Зайдя в хатенку, Бер и сыновья невольно взглянули на опустевшую кровать, где вчера еще лежала живая Пелта. Сердце сжалось от боли. Бер разулся и, согласно установленному обычаю, сел на пол – справлять семидневный траур.
– Чего стоите? – обратился он к сыновьям.
Они тоже разулись и сели рядом с отцом.
Гнетущая тоска охватила Бера. Сыновья, думал он, поженятся, поделят между собой его землю и разбредутся кто куда, а он останется один-одинешенек.
Еле слышно вошел к ним в хатенку Юдель Пейтрах. Его густая черная борода была запылена, маленькие темные мышиные глазки беспокойно бегали. Ни с кем не поздоровавшись, – как и полагается, когда заходишь к людям, справляющим траур, – он опустил голову и, придав лицу грустное выражение, сказал:
– Пришел принести вам слова утешения. Так положено по нашему закону. Но чем можно вас утешить, когда горе ваше велико? В Священном писании сказано: «Господь дал, господь взял, да будет благословенно имя его и ныне и вовеки».
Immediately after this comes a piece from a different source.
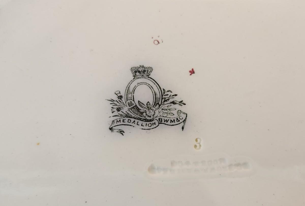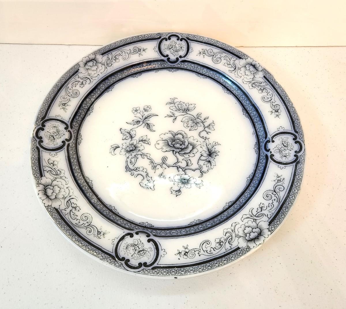 Antique 19th century Blue/White English transferware plate - floral motif. Good antique condition. 13" across. Pattern is called "Medallion."

Эти слова он произнес тихим голосом, нараспев, как поют молитву.
Приход Юделя растрогал Бера. Никогда он к нему в дом не заходил, при встрече руки не подавал, едва отвечал на приветствие. Как все состоятельные люди, Юдель был высокомерен и в грош не ставил бедняка. Оказывается, он вовсе не такой уж плохой, как ему казалось, и даже, можно сказать, сердечный и отзывчивый человек.
– А сколько лет было вашей покойнице, царство ей небесное? – спросил Юдель.
– Шестьдесят, – ответил Бер. – Да будет она там, на том свете, заступницей за грехи наши!
– Всего шестьдесят? Ай-я-яй, совсем еще не старая! Ей бы еще жить да жить. Не дожила даже, бедняжка, до женитьбы своих сыновей.
– Что и говорить, реб Юдель, горе наше велико. Но ничего не поделаешь, – развел руками Бер. – Она долго болела, мучилась, а последнее время и с постели не вставала.
– Да, да, настрадалась она немало, – сочувственно покачал головой Юдель. – Праведница она у вас была, добрая душа, а господь любит таких и забирает их к себе.
Юдель присел па табурет, словно собирался еще долго говорить, и пристально взглянул на рядом сидевших на полу сыновей Бера. Они глядели по сторонам, избегая встретиться взглядом с Юделем.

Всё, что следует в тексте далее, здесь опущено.